Nicola Scapinello

Profilo

Da gennaio 2016 lavoro presso il Gruppo Squassabia in qualità di interior designer.
Il mio percorso formativo e il mio lavoro appartengono da sempre al campo dell’architettura, dell’interior design e del graphic design.

Il design secondo me e perché mi piace questo lavoro:
Per me il design rappresenta la sede figurata in cui si compie un armonico connubio di tre fattori: immaginazione, razionalità e cultura.
Il processo creativo prende le mosse da un’intuizione dettata dall’immaginazione e si sviluppa passando attraverso una fase analitico-razionale nella quale l’immagine di partenza viene sottoposta ad un procedimento di razionalizzazione volto a forgiare un oggetto d’uso quotidiano nel quale coesistano a un tempo praticità ed estetica; elementi, questi ultimi, ai quali un designer non può e non deve in alcun modo assegnare individualmente una priorità assiologica poiché, nel mondo del design, forma e sostanza convivono in un rapporto di perfetta complementarità.

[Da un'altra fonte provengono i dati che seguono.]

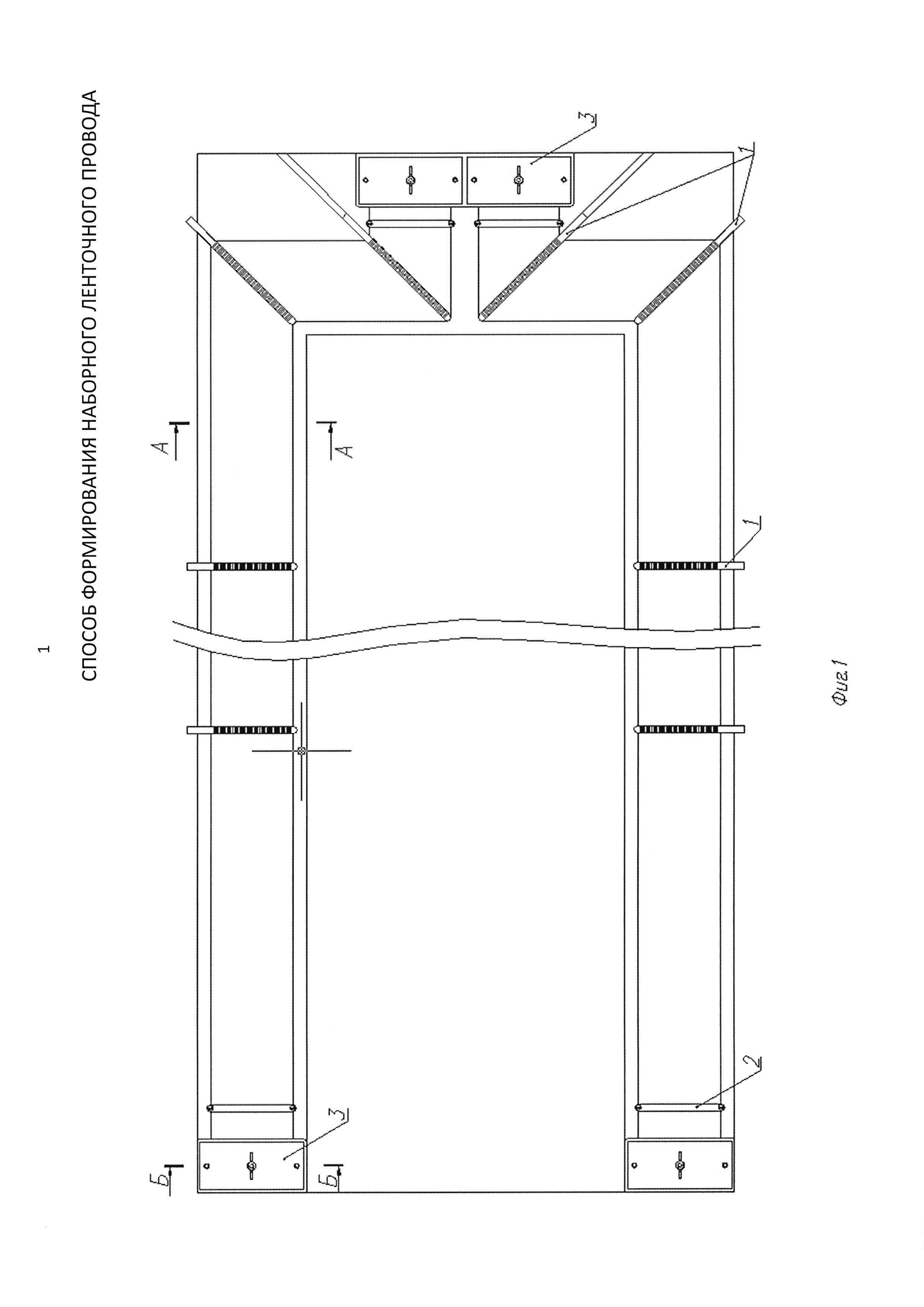 Изобретение относится к электротехнике, в частности к кабельной технике, а именно к изготовлению и применению ленточных проводов, и может быть использовано в сложных радиотехнических и электронных системах. Известны различные способы формирования ленточных проводов: Согласно изобретению по патенту [1. Патент 2305336 С2 RU, МПК6 Н01В 7/08. Трехмерный сформованный плоский кабель, способ его изготовления и применения / Ребель Дени (FR), Франк Торстен (DE). (10.09.2003). Опубл. 27.08.2007. Бюл. №24] задача решается посредством трехмерного сформованного формостабильного плоского кабеля, состоящего из многослойного материала. Материал включает по меньшей мере одну заключенную между двумя изоляционными слоями токопроводящую дорожку и по крайней мере один несущий слой, которые соединены друг с другом посредством клеевого слоя, причем многослойный материал или все компоненты для многослойного материала нанесены на формовочный инструмент и под действием тепла, облучения и/или давления сформованы, а также посредством охлаждения ниже температуры стеклования Tg клеевого слоя или отверждения клеевого слоя зафиксированы в трехмерной форме. В качестве материала используется гибкий плоский кабель (FFC). Недостатками являются: - во-первых, использование готовых гибких плоских кабелей ограничивает конечное изделие в размерах и электрических параметрах из-за узконаправленной номенклатуры, в отличие от применения, например, одножильных проводов; - во-вторых, ленточный провод, представленный в примерах, будет иметь очень узкое применение; - в-третьих, в отраслях промышленности, где действуют ограничения по номенклатуре проводов, разрешенной для применения, и вовсе возникнут проблемы по подбору такого типа материала. Согласно изобретению по патенту [2. Пат. 2152656 RU, МПК6 Н01В 7/08, Н01В 13/00. Прессованный кабель, заготовки и способ для его изготовления / Юсбранд Флойд P. (US) - Заявл. 31.01.1996; опубл. 10.07.2000, Бюл. №19.] кабель предпочтительно содержит несколько проводов и пластический материал, переплетенный с проводами в тканеподобную структуру для предохранения проводов и удержания их на некотором расстоянии один от другого. Тканеподобную структуру пластического материала обычно формируют литьем под давлением. Недостатки данного аналога: - во-первых, данный процесс изготовления ленточного провода очень трудоемок, так как требует постоянного изготовления пластического материала и последующего плетения провода; - во-вторых, усложняется процесс изготовления сложной геометрии проводов. Согласно изобретению по патенту [3. Пат. 2533885 RU, МПК6 Н01В 7/08. Транспонированный гибкий комбинированный ленточный жгут / Ионов А.Г. и др. - Заявл. 13.12.2012; опубл. 27.11.2014, Бюл. №33]. Данный способ формирования представляет собой токопроводящие жилы или кабели на их основе, соединенные между собой гибкой связью с помощью плетения или ткани. Технический результат заключается в создании компактного, гибкого, комбинированного, прочного единого кабеля, обладающего возможностью в любой точке жгута как разветвления, так и соединения токопроводящих жил, проводов или групп проводов, при этом сохраняя свои эксплуатационные свойства. Недостатками аналога являются: - во-первых, при формировании ленточного провода таким способом теряется его плоская форма при транспортировке; - во-вторых, провода, сформированные

Il contenuto estetico e l’orientamento metodologico del processo creativo condizionano, e al contempo sono condizionati, dal sostrato culturale sul quale si innestano rendendo manifesto il rapporto di interdipendenza che caratterizza il design e le idee estetiche dominanti della coeva società.
Ecco allora che il processo creativo, inevitabilmente legato allo zeitgeist, possiede l’intrinseca capacità di imprimere sulla società nuove idee estetiche, ridefinendo di volta in volta i contorni e i limiti dell’orizzonte culturale nel quale agisce.

L’analisi del procedimento creativo contiene in nuce gli elementi del design che più amo e che mi legano intimamente a questo lavoro. In primo luogo trovo appagante la possibilità di operare una sintesi tra due facoltà affatto eterogenee quali l’immaginazione e la ragione, entrambe risorse preziose e gratificanti dello spirito umano, ma che, avulse dalla sfera artistica, risultano incapaci di cooperare in vista del medesimo fine. In secondo luogo amo la possibilità di fare parte di un meccanismo che viene costantemente permeato dai più disparati impulsi culturali e che al tempo stesso possiede la forza di definire sul piano pratico il modo di vivere delle persone.

La natura avventizia dell’idea di bellezza delinea l’essenza del designer, la quale altro non è che incessante sforzo creativo asintoticamente proteso alla ricerca di una cangiante perfezione estetica.